In addition to the insulation liner being formed from an assembly of separate discrete interlocking panels discussed above, the base plate of the device comprising outer insulation segment 9 (FIGS. 3 and 13) and inner shield segment 11 and lid of the device comprising an outer insulation segment 8 (FIGS. 3 and 13) and inner shield segment 10 can also be formed from an assembly of interlocking panels. A similar interlocking feature as discussed for the insulation segment can be used for joining together the panels in the base plate so as to provide a tortuous path between the top face and bottom face of the base plate to inhibit heat loss and the containment of the exhaust gases. To provide thermal insulation to the top cover, an insulating outer lid can form part of the top cover. The base plate as shown in FIG. 13, can be formed from two plates, a graphite plate 11 which cooperates with the inner shield segment to house the reactant gases during the conversion process and an outer insulation segment 9 to provide thermal insulation during the conversion process. As with the base plate 9 and 11, the lid 8 and 10 can be formed from an assembly of a plurality of interlocked units.

Referring to FIG. 14, a terminating (top or bottom) connector 27 is shown having a raised rib 30 on one side, which can be interfitted in groove 31 in base plate 11 (such as shown in FIGS. 13 and 15). A slot 28 on the opposite side of the connector 27 is configured to receive inner shield panels 5 and outer insulation panels 2. The same angle (e.g., about 162°) can exist between the channels in the terminating connector 27 shown in FIG. 14 as angle α of the middle connector 7. Pins 29, which project into channel 28 and can be fitted into slots 24 on inner shield panels 5, can be formed integrally with the body of connector 27, such as done with pins 23 in connectors 7.

Referring to FIG. 15, an example of how terminating connectors 27 can be fitted into bottom ring sub-assembly shield panels 5 and groove 31 of base plate 11 is shown. The terminating connector 27, such as shown in FIG. 14, can be inverted for interfitting of the rib 30 into groove 31 of base plate 11 as shown in FIG. 15.

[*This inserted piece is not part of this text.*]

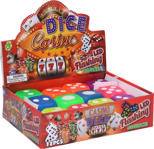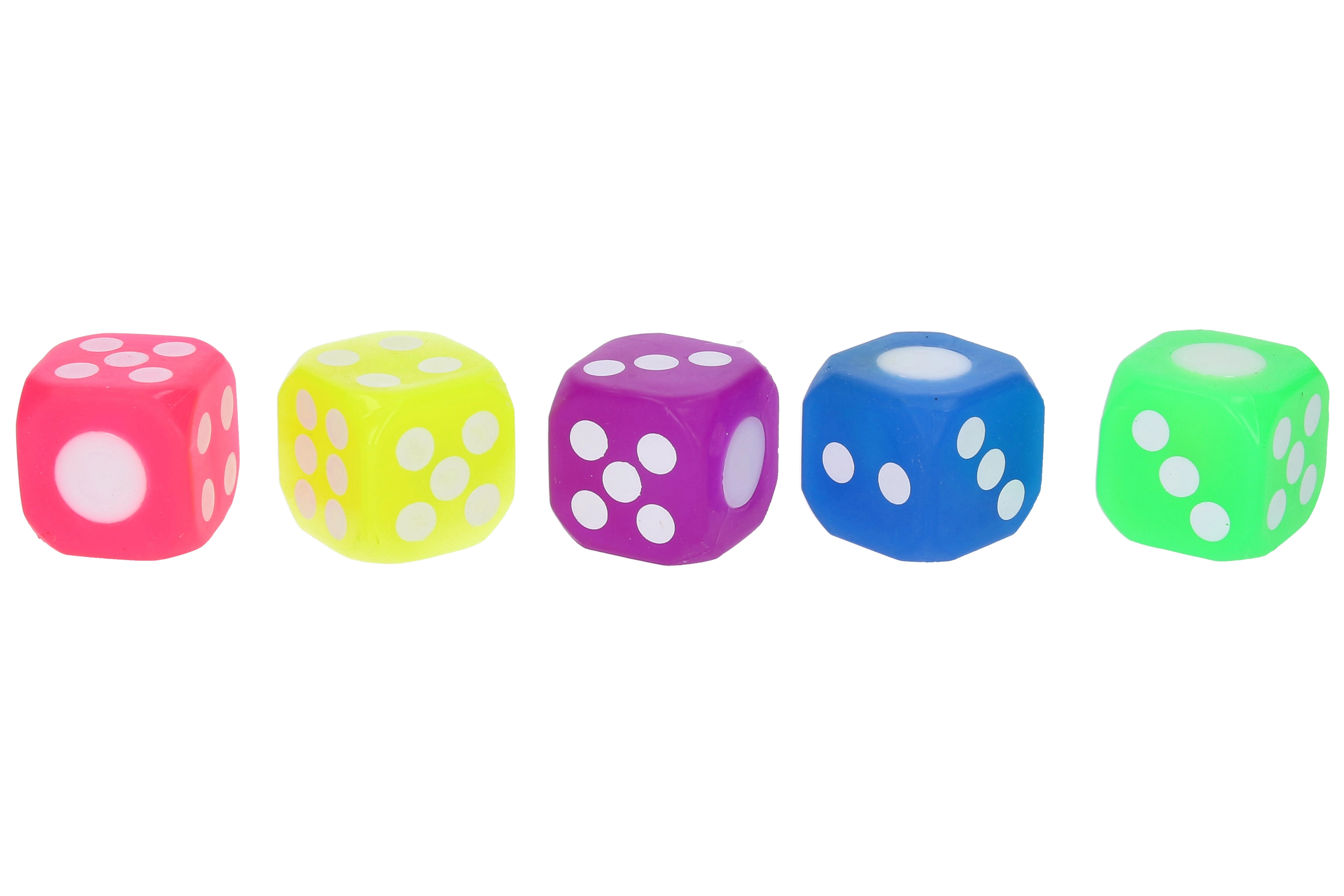 Rinkitės iš 6 patrauklių spalvų – oranžinė, mėlyna, žalia, geltona, violetinė ir rožinė. Kauliukas tiekiamas display dėžutėje po 12 vienetų, todėl idealiai tinka parduotuvėms, žaidimų erdvėms ar didesniems renginiams.

Referring to FIG. 16, an example of a channel 115 created in a thermal converter by divider plates 32 is shown. The divider segment (e.g., a plurality of panels) can be arranged radially internal with respect to groove 31 (e.g., FIG. 15). Middle connectors 33 are used, at least in part, to join the divider panels 32. As illustrated at portion 321, the divider panels 32 can intersect to form an abutting stop where they meet each other without using a connector at the intersection, and they also can be joined by connectors 33 at other intersections to define an array of divider panels 32 that completely surrounds and defines at least one channel region 115.

Referring to FIG. 17, a front perspective view is shown of channel 115 created in a thermal converter by divider panels 32 assembled into a divider panel sub-assembly 34 using divider panel middle connectors 33.

Referring to FIG. 18, channel divider panels 32 are shown interconnected using divider panel middle connector 33. The divider panels 32 have slots 241, which can function similar to slots 24 in shield panels 5 to receive pins on connectors (e.g., 33).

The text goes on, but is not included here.